Tribuners adalah platform jurnalisme warga. Untuk berkontribusi, anda bisa mengirimkan karya dalam bentuk berita, opini, esai, maupun kolom ke email: redaksi@tribunnews.com.
Konten menjadi tanggungjawab penulis dan tidak mewakili pandangan redaksi tribunnews.com.
Cerita Tentang Jasa-jasa Keturunan Tionghoa dalam Kemerdekaan Indonesia
Nasionalisme diperkuat oleh ikatan persamaaan ras, bahasa, sejarah dan agama sehingga dapat menjaga persatuan dan kesatuan.
Editor: Toni Bramantoro
TRIBUNNEWS.COM, JAKARTA - Semangat nasionalisme sangat penting untuk diteruskan. Nasionalisme diperkuat oleh ikatan persamaaan ras, bahasa, sejarah dan agama sehingga dapat menjaga persatuan dan kesatuan.
Demikian disampaikan mantan Wakil Kepala Staf TNI AD Letjen (Purn) Kiki Syahnakri dalam pertemuan silaturahmi bersama pengurus Gerakan Moral Rekonsiliasi Indonesia (GMRI) yang dipimpin Pendiri GMRI, Eko Sriyanto Galgendu di kawasan SCBD, Kamis (22/10/2020).
Dia menjelaskan, nasionalisme atau semangat kebangsaan tidak terbentuk secara instan melainkan lahir dari perjuangan panjang untuk merebut kemerdekaan.
Nasionalisme dianggap sebagai roh yang menentukan kemajuan bangsa, memiliki kesamaan cita-cita dan tujuan sehingga timbul rasa mempertahankan negara baik dari internal maupun eksternal.
"Nasionalisme kita itu terbentuk bukan ujug-ujug kan ya tapi dimulai terhadap penjajahan di mana-mana. Sadar akan ketertindasan oleh penjajah maka muncullah kebersamaan," kata Kiki Syahnakri.
Kemudian lahir pergerakan nasional menjadi wujud protes atas penindasan kolonial terhadap rakyat Indonesia selama bertahun-tahun. Bertujuan untuk mencapai kemerdekaan.
"Sehingga lahir Budi Utomo lahir pada 20 Mei 1908. Ketika sumpah pemuda dikumandangkan, di situ terbentuk kebangsaan Indonesia," tutur alumnus Akademi Militer tahun 1971 itu.
Muara perjuangan mereka hanya satu yakni kemerdekaan Indonesia. Tentu banyak yang dikorbankan dan banyak pahlawan yang menjadi benteng pertahanan berguguran.
"Perjuangan mereka sampai kebangsaan dan dilanjutkan ingin merdeka terus bergulir sampai dengan tahun 1945. Perjuangan bukan hanya panjang tapi pengorbanannya luar biasa, berapa syuhada yang meninggal," ujar Kiki Syahnakri.

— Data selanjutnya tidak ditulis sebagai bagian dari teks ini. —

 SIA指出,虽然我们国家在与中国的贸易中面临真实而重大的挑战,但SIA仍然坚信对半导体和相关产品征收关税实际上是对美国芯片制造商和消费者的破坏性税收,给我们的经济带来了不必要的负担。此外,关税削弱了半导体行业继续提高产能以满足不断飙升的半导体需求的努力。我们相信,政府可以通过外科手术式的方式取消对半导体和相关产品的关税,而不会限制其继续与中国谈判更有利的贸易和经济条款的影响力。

Sidang Badan Penyelidik Usaha-usaha Persiapan Kemerdekaan Indonesia (BPUPKI) di tahun 1945 sudah diwarnai perbedaan karena diketahui ada perwakilan keturunan Tionghoa.

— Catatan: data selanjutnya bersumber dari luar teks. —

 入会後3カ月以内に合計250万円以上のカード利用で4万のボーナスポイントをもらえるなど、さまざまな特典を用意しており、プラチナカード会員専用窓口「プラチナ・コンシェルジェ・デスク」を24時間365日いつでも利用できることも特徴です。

"Dalam perjuangan kemerdekaan, BPUPKI ada perwakilan Tionghoa empat orang di situ, kakeknya Anies Baswedan juga ada. Mereka ikut membuat, menyusun undang undang dasar mendirikan negara," jelas Kiki Syahnakri.

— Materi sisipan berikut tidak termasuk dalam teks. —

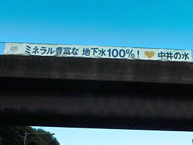 【下り】49kpst手前の陸橋。秦野市なのに中井町の横断幕、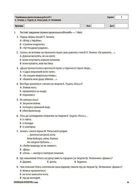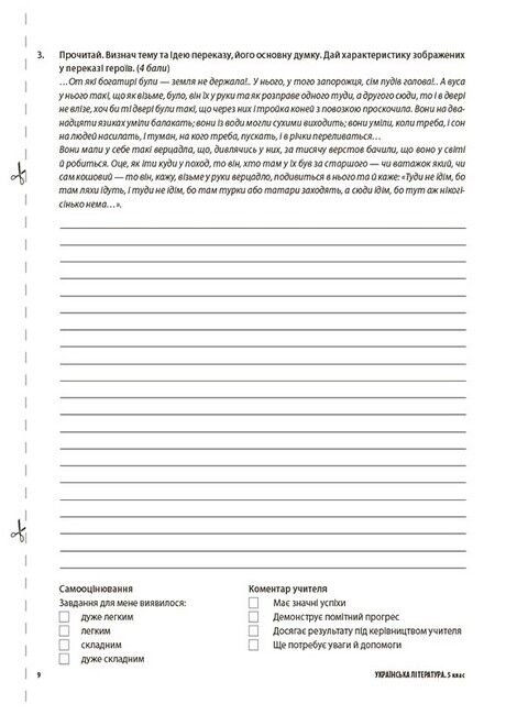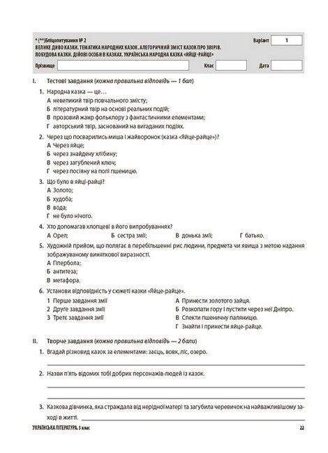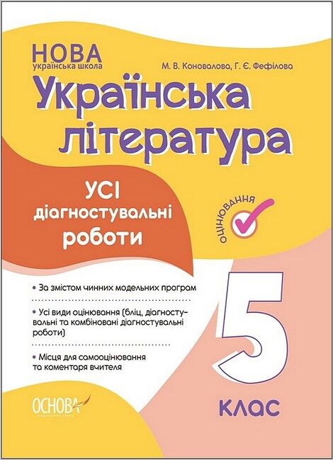 Посібник містить диференційовані, творчі завдання, діагностувальні роботи для учнів 5-го класу з усіх тем курсу української літератури, що відповідає основним чинним програмам, рекомендованим Міністерством освіти і науки України (наказ Міністерства освіти і науки України від 12.07.2021 № 795). Завдання дібрано для всіх видів оцінювання, зокрема: бліцопитування (теоретичний матеріал і матеріали на знання тексту); поточні діагностувальні роботи; комбіновані діагностувальні роботи (тестування, різнорівневі практичні завдання). Роботи розміщено на окремих аркушах (за варіантами), наприкінці яких відведено місце для самооцінювання здобувачів освіти й коментаря вчителя.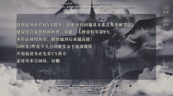 《EXO拯救黑童话》的乙女游戏,上手搓了一下午,感觉还行。这游戏就是拿EXO那几个哥们当原型做的,背景是现代都市。你扮演的女主一上来就失忆,周围人都管你叫“艾琳娜”,但个个都藏着掖着,说话说一半。为了搞清楚自己是谁、到底发生了啥,你就得跟那几个男主互动,刷好感,挖出他们藏起来的秘密。最后还得自己做个了断。这游戏已经给破了,无限鲜花加金手指,直接爽玩。

Warga keturunan Tionghoa yang turut serta dalam Sidang BPUPKI yaitu Liem Koen Hian yang ketika itu berusia 38 tahun, Oey Tiang Tjoei (52), Oei Tjong Hauw (41), MR Tan Eng Hoa (38), sedangkan wakil dari golongan Arab adalah AR Baswedan.
Salah satu tokoh Tionghoa yang turut berjasa dalam kemerdekaan Indonesia adalah Mayor John Lie Tjeng Tjoan yang lahir di Manado 19 Maret 1911. Karenanya, keturunan-keturunan Tionghoa turut berperan dalam kemerdekaan Indonesia.
"Saya juga baca buku sejarah bahwa ternyata suku-suku Tionghoa yang ikut perjuangan fisik banyak ada enam ribu orang lebih ketika ikut mengikuti perjuangan melawan Belanda. Yang menonjol Laksamana Jonh Lie asal Manado, bahkan dapat bintang mahaputera," papar Kiki Syahnakri.
Adapun, John Lie Tjeng Tjoan meninggal pada 27 Agustus 1988 dan dimakamkan di Taman Makam Pahlawan Kalibata. Mendapat Tanda Jasa Pahlawan dari Presiden Soekarno di tahun 1961 dan dianugerahi Bintang Mahaputera Utama oleh Presiden Soeharto pada 10 November 1995.